◆ **PROBLEM DESCRIPTION**
Type out the complete listing below word for word, without its pictures.

[[ RECORDS TO PROCESS open ]]

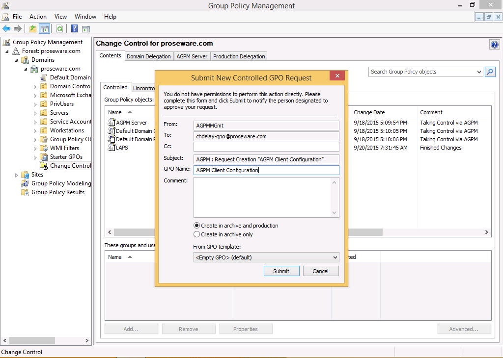 The Editor would then be prompted to Submit New Controlled GPO Request. The Editor would then fill out the form. The Editor has the option to Create in archive and production or Create in archive only. Also, the user can create the GPO from a Template. The Editor would click Submit to submit the request to the approver.
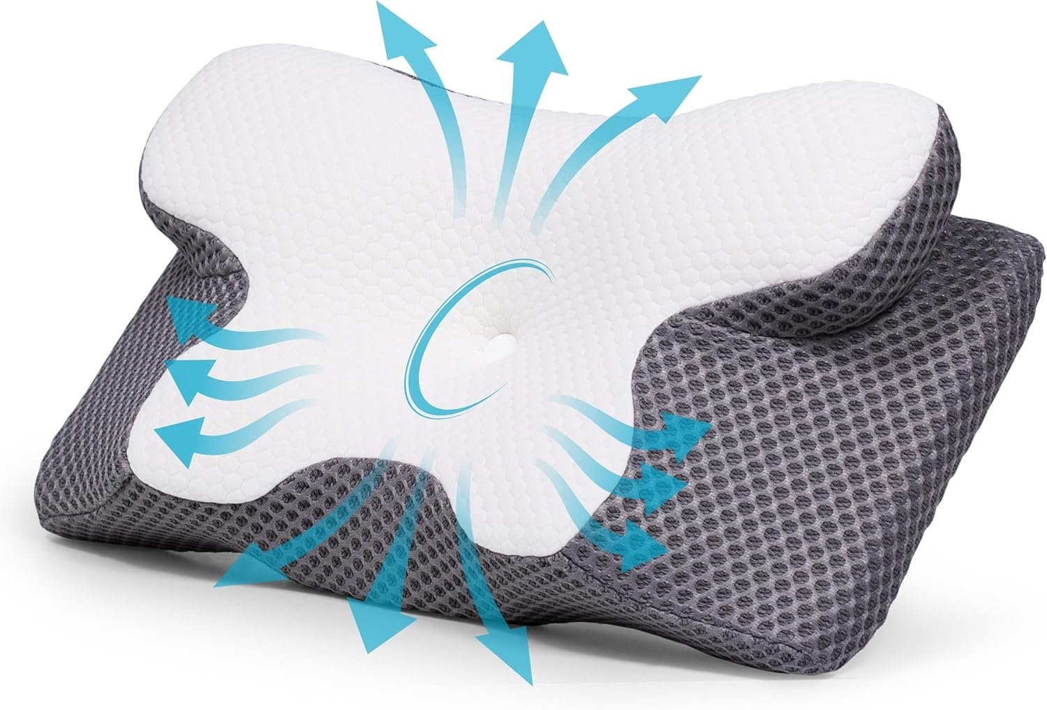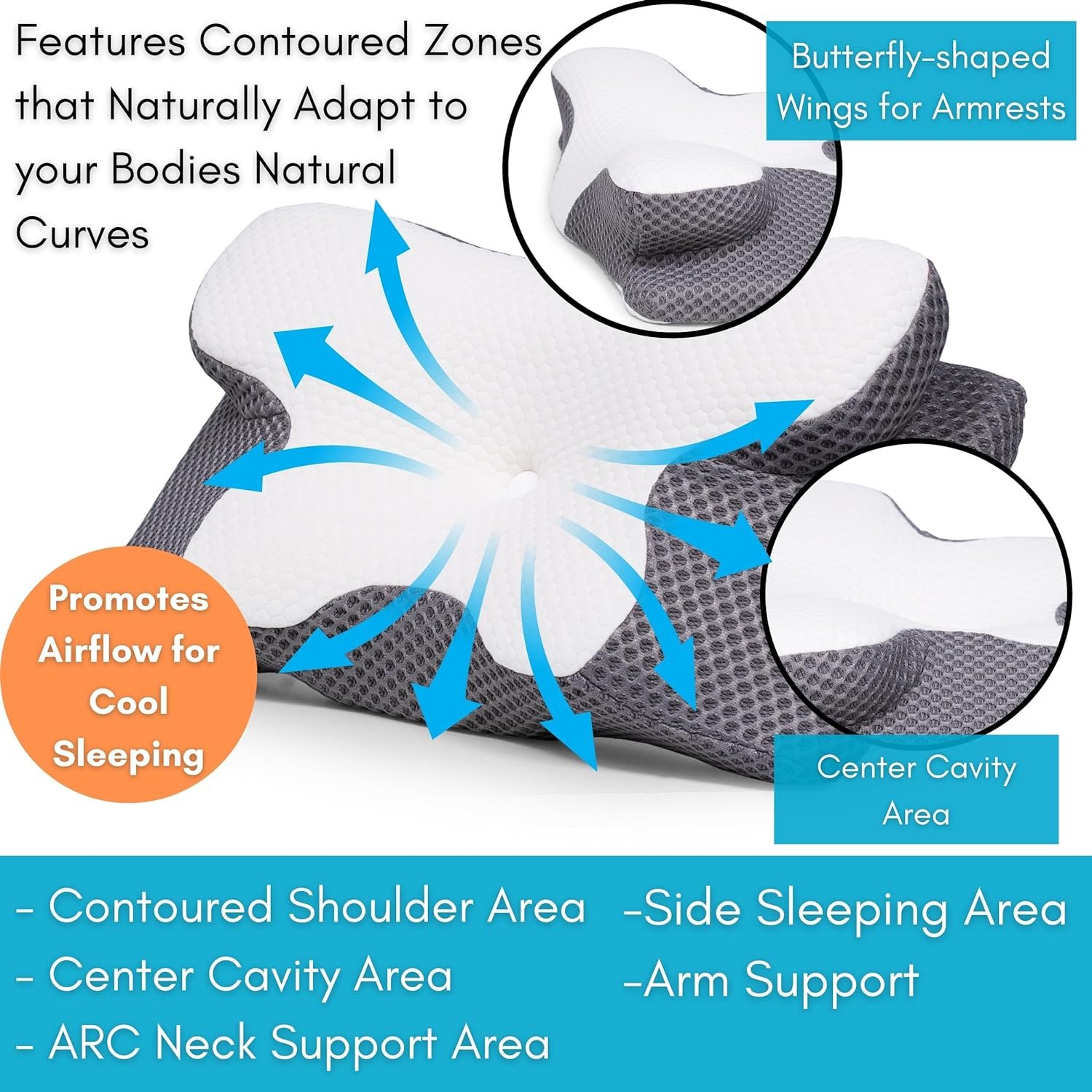 Multifunctional Pillow Zones: Featuring multifunctional pillow zones like side sleeping area, arm support, contoured shoulder area, center cavity area, and ARC neck support area. An ideal cervical pillow for neck pain relief or side sleepers. The butterfly-shaped wings also provide a comfy armrest spot.
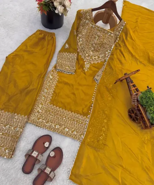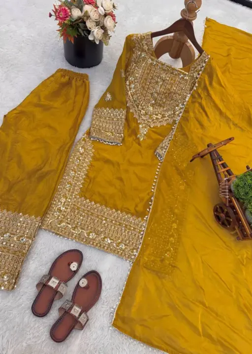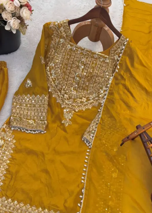 Mustard Wedding Readymade Embroidery Dress
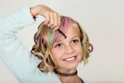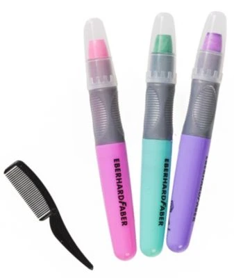 Einfache Anwendung: Haarkreide auf trockene Haarsträhne aufbringen und mit dem Kamm in der Strähne durch Kämmen
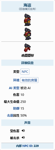 海盗是困难模式 NPC,在打败至少一次海盗入侵后并有空房屋可用时会出现。他和海盗入侵中的敌怪海盗船长长的几乎一模一样。
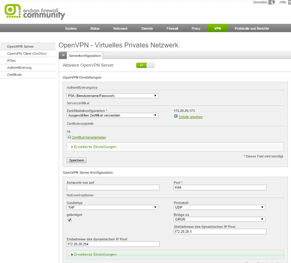Laut Dokumentation auf der Endian Seite soll das möglich sein, finde aber den Eintrag nicht?
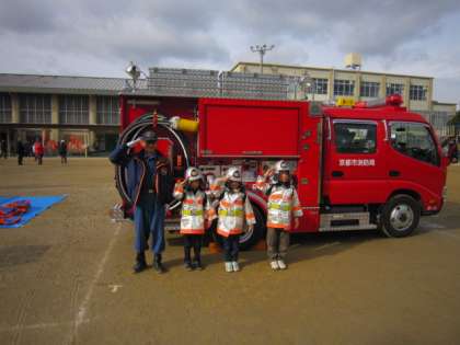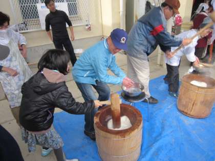 子どもたちも、実際に起振車に乗って体験したり、お餅つきをしたりしました。消防隊に変身した、うれしそうな顔も見られました。
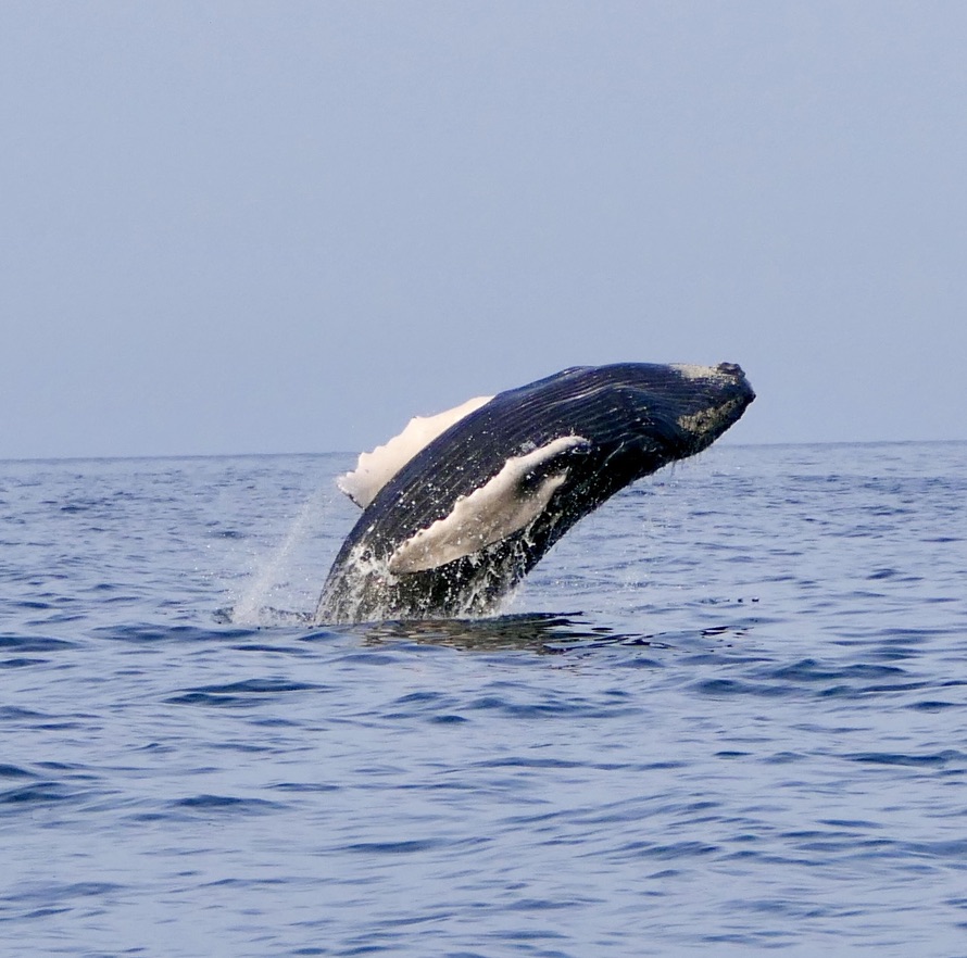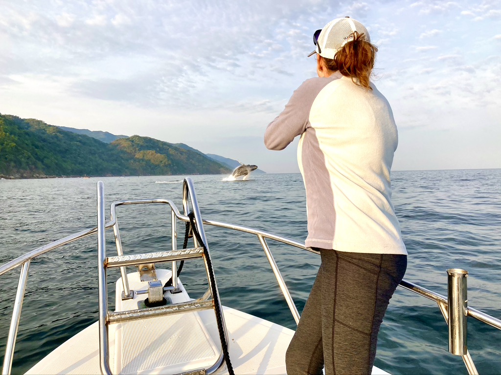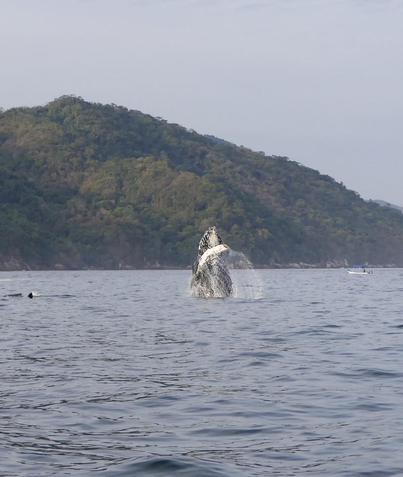 Mornings in Yelapa are prime whale watching time, when the ‘whale soup’ is most active. Each day Heather and I would take our bowl of fruit, yogurt and granola, along with our binoculars and her camera, to the rooftop terrace of our guesthouse. Over breakfast we would watch as humpbacks would cross the mouth of the small bay, new calves often breaching repeatedly. On the backside of the building, facing the hillside, a variety of birds would sing and flit from tree to tree. Iguanas would perch on exposed limbs sunning themselves. While watching the whales from afar was exciting in its own right, we needed to get out into the ‘soup’. Our host arranged a half-day boat trip with Luis, who picked us up from the town pier one morning promptly at 8 am. We motored out of the bay into Banderas Bay proper and headed east. It wasn’t long before Luis spotted the spout of a whale in the distance. When we caught up to them, we could see it was a group of two females and a calf. For the next hour and a half we slowly trailed behind them as they spouted, showed their massive backs, leapt out of the water, showed their tail flukes before diving for several minutes and then returned to the surface to entertain us yet again. When they eventually tired of playing and submerged, Luis set out two trolling lines and we motored west towards the open sea. We passed rocky coastline, an occasional fishing shack and stretches of deserted beach before the lines started to sing indicating we had fish on. Simultaneously we reeled in two nice bonitos. With the important work of whale-spotting and fishing done, Luis turned the helm over to Heather while he prepared a batch of bonito ceviche, which we all enjoyed along with some ice cold beers he had stocked in his cooler. As luck would have it, Luis also owns a restaurant in town, and offered to cook the remainder of our catch for us the following day. At the appointed hour we found him behind the bar of La Manguito, where he introduced us to his wife (serving) and his sister (cooking). The bonito, grilled with garlic butter and served with rice, steamed vegetables and salad, was exquisite. The mango margarita was delicious and the choco flan almost stole the show.
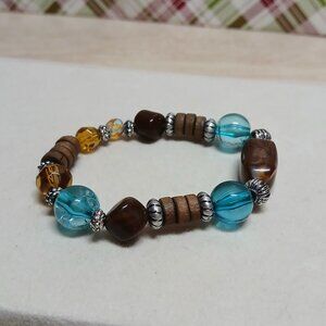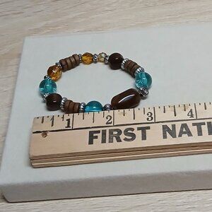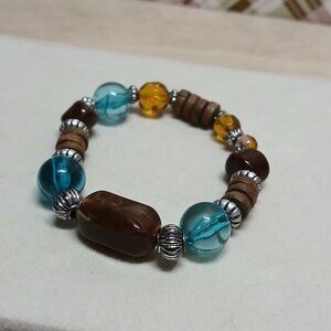 Hand Crafted Stretchy Glass Beaded Silver Tone Bracelet Fashion Jewelry #38
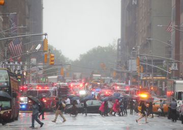 Equipos de emergencias acuden al edificio de Manhatatan en el que se ha estrellado un helicóptero. Brendan McDermid
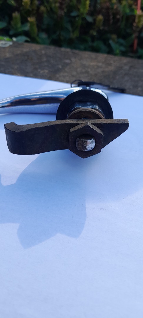 ja, den Brezel Haubengriff gab es auch abschließbar, aber der Griff im Bild stammt von einem Goggomobil. Zu erkennen ist das u.a. an dem Verriegelungsblech, das ist deutlich anders als beim Käfer. Im Prinzip ist der eigentliche Griff aber gleich, nur ist das Gewinde kürzer, das könnte man von einem alten VW Griff abtrennen und am Goggo Griff anschweißen.
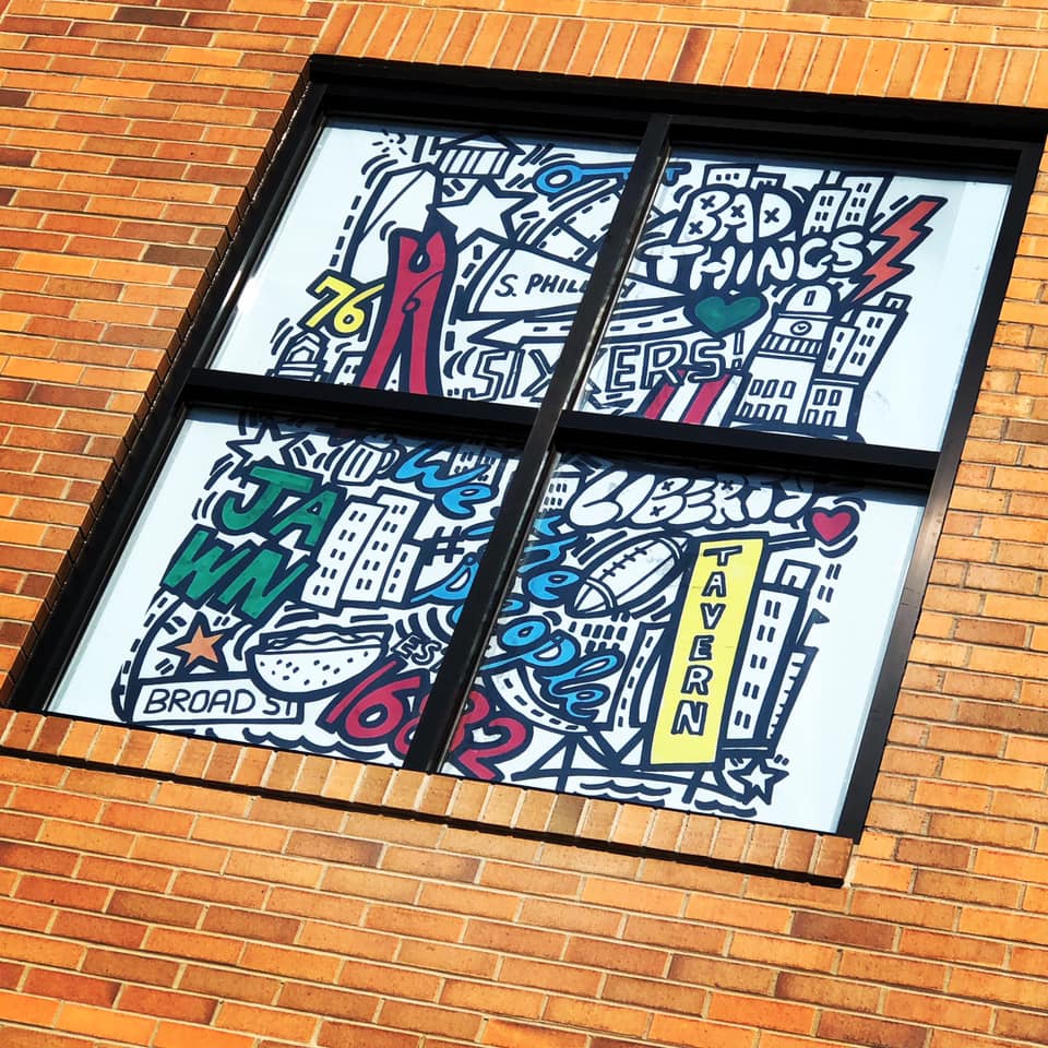 In addition to painting a mural at Wharton Flats, a new residential building in South Philadelphia, I also created window art. The client wanted a graffiti-stye design with touches of color to appeal to a younger demographic. We settled on famous words and images related to the neighborhood and city at large, using a whimsical design style and primary color palette. The design was printed on four extra-large window covers that can be seen from the outside but that still allow light into the stairwell.

[[ RECORDS TO PROCESS closed ]]

◆ **ANSWER FOR THE TASK**
 The Editor would then be prompted to Submit New Controlled GPO Request. The Editor would then fill out the form. The Editor has the option to Create in archive and production or Create in archive only. Also, the user can create the GPO from a Template. The Editor would click Submit to submit the request to the approver.
 Multifunctional Pillow Zones: Featuring multifunctional pillow zones like side sleeping area, arm support, contoured shoulder area, center cavity area, and ARC neck support area. An ideal cervical pillow for neck pain relief or side sleepers. The butterfly-shaped wings also provide a comfy armrest spot.
 Mustard Wedding Readymade Embroidery Dress
 Einfache Anwendung: Haarkreide auf trockene Haarsträhne aufbringen und mit dem Kamm in der Strähne durch Kämmen
 海盗是困难模式 NPC,在打败至少一次海盗入侵后并有空房屋可用时会出现。他和海盗入侵中的敌怪海盗船长长的几乎一模一样。
Laut Dokumentation auf der Endian Seite soll das möglich sein, finde aber den Eintrag nicht?
 子どもたちも、実際に起振車に乗って体験したり、お餅つきをしたりしました。消防隊に変身した、うれしそうな顔も見られました。
 Mornings in Yelapa are prime whale watching time, when the ‘whale soup’ is most active. Each day Heather and I would take our bowl of fruit, yogurt and granola, along with our binoculars and her camera, to the rooftop terrace of our guesthouse. Over breakfast we would watch as humpbacks would cross the mouth of the small bay, new calves often breaching repeatedly. On the backside of the building, facing the hillside, a variety of birds would sing and flit from tree to tree. Iguanas would perch on exposed limbs sunning themselves. While watching the whales from afar was exciting in its own right, we needed to get out into the ‘soup’. Our host arranged a half-day boat trip with Luis, who picked us up from the town pier one morning promptly at 8 am. We motored out of the bay into Banderas Bay proper and headed east. It wasn’t long before Luis spotted the spout of a whale in the distance. When we caught up to them, we could see it was a group of two females and a calf. For the next hour and a half we slowly trailed behind them as they spouted, showed their massive backs, leapt out of the water, showed their tail flukes before diving for several minutes and then returned to the surface to entertain us yet again. When they eventually tired of playing and submerged, Luis set out two trolling lines and we motored west towards the open sea. We passed rocky coastline, an occasional fishing shack and stretches of deserted beach before the lines started to sing indicating we had fish on. Simultaneously we reeled in two nice bonitos. With the important work of whale-spotting and fishing done, Luis turned the helm over to Heather while he prepared a batch of bonito ceviche, which we all enjoyed along with some ice cold beers he had stocked in his cooler. As luck would have it, Luis also owns a restaurant in town, and offered to cook the remainder of our catch for us the following day. At the appointed hour we found him behind the bar of La Manguito, where he introduced us to his wife (serving) and his sister (cooking). The bonito, grilled with garlic butter and served with rice, steamed vegetables and salad, was exquisite. The mango margarita was delicious and the choco flan almost stole the show.
 Hand Crafted Stretchy Glass Beaded Silver Tone Bracelet Fashion Jewelry #38
 Equipos de emergencias acuden al edificio de Manhatatan en el que se ha estrellado un helicóptero. Brendan McDermid
 ja, den Brezel Haubengriff gab es auch abschließbar, aber der Griff im Bild stammt von einem Goggomobil. Zu erkennen ist das u.a. an dem Verriegelungsblech, das ist deutlich anders als beim Käfer. Im Prinzip ist der eigentliche Griff aber gleich, nur ist das Gewinde kürzer, das könnte man von einem alten VW Griff abtrennen und am Goggo Griff anschweißen.
 In addition to painting a mural at Wharton Flats, a new residential building in South Philadelphia, I also created window art. The client wanted a graffiti-stye design with touches of color to appeal to a younger demographic. We settled on famous words and images related to the neighborhood and city at large, using a whimsical design style and primary color palette. The design was printed on four extra-large window covers that can be seen from the outside but that still allow light into the stairwell.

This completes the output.